* RECORDED INFORMATION *
[Start of section]

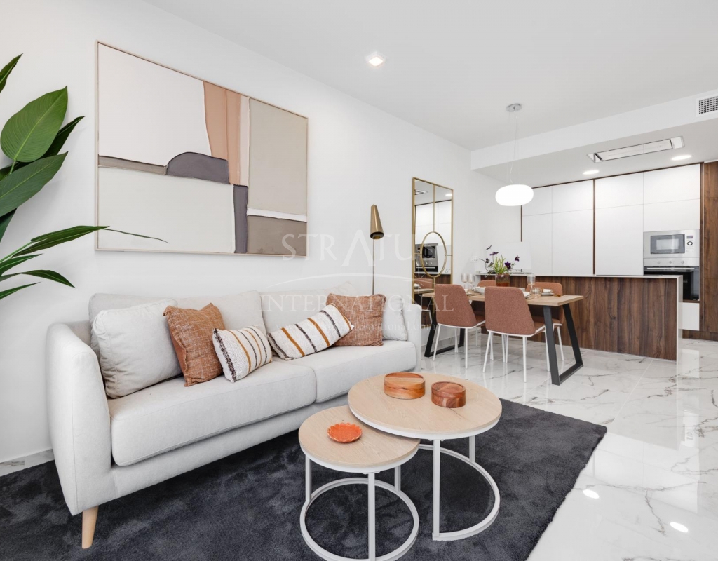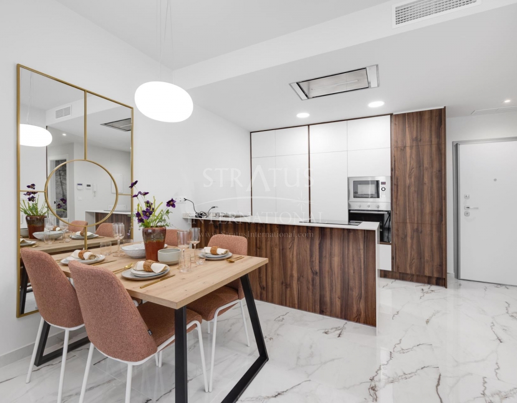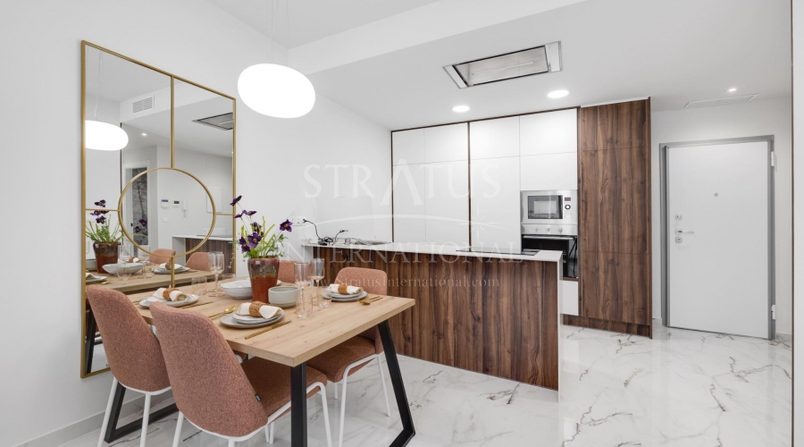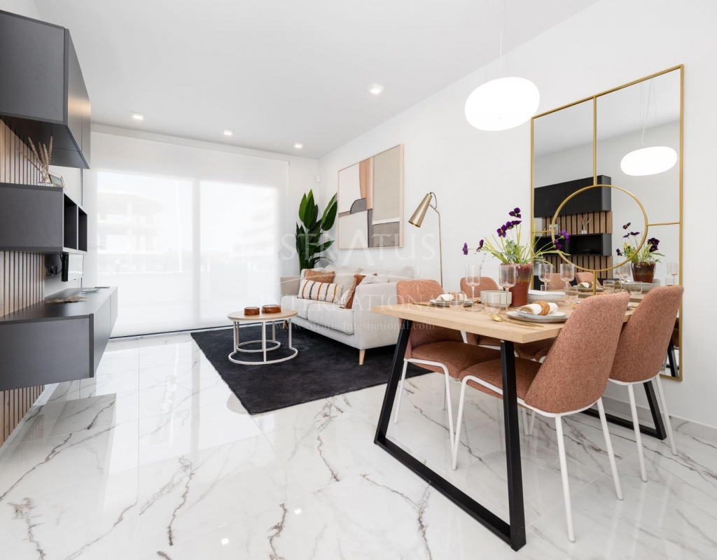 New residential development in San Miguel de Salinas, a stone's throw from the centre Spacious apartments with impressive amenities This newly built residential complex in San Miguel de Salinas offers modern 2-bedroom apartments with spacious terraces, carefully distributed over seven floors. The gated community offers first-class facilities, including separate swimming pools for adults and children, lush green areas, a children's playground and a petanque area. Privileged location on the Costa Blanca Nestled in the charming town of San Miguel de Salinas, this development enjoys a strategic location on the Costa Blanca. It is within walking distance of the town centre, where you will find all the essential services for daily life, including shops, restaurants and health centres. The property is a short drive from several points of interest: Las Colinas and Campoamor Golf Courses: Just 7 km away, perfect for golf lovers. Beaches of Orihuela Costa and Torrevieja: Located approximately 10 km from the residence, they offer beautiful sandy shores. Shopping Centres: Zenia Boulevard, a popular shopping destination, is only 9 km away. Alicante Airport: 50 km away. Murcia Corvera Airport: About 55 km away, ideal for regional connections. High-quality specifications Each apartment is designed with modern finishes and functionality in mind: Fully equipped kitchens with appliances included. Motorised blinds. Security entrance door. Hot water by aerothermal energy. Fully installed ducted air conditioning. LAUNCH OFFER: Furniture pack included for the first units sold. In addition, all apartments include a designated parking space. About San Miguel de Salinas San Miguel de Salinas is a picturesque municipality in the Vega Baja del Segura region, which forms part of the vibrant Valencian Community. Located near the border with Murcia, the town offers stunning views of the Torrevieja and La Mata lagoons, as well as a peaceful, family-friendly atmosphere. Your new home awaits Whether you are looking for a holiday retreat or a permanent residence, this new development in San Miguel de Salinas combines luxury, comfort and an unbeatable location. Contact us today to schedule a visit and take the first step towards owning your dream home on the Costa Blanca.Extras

[End of section]
[Start of section]

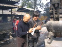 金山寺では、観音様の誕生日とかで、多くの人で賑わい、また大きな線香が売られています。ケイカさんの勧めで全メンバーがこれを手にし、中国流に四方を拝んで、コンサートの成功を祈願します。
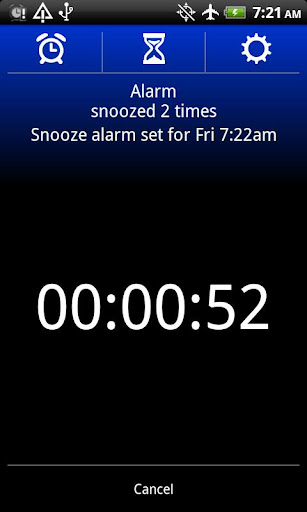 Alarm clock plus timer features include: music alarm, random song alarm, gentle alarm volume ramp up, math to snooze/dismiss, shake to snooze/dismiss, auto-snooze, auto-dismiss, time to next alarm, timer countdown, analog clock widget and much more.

[End of section]
[Start of section]

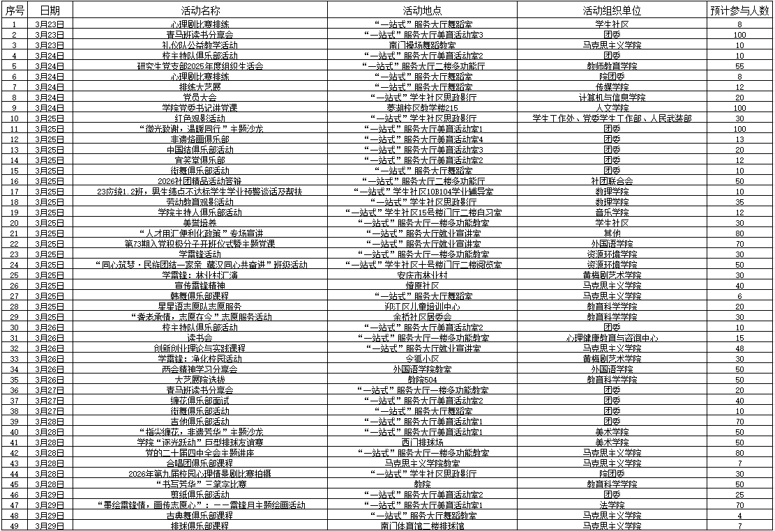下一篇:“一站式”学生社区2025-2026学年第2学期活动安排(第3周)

[End of section]

* GOAL OF THE EXERCISE *
Precisely those lines above that run from the line with "金山寺では、観音様の誕生日と" up to and including the line with "Alarm clock plus" are to be set down, with the pictures omitted.

* OUTPUT OF THE TASK *
 金山寺では、観音様の誕生日とかで、多くの人で賑わい、また大きな線香が売られています。ケイカさんの勧めで全メンバーがこれを手にし、中国流に四方を拝んで、コンサートの成功を祈願します。
 Alarm clock plus timer features include: music alarm, random song alarm, gentle alarm volume ramp up, math to snooze/dismiss, shake to snooze/dismiss, auto-snooze, auto-dismiss, time to next alarm, timer countdown, analog clock widget and much more.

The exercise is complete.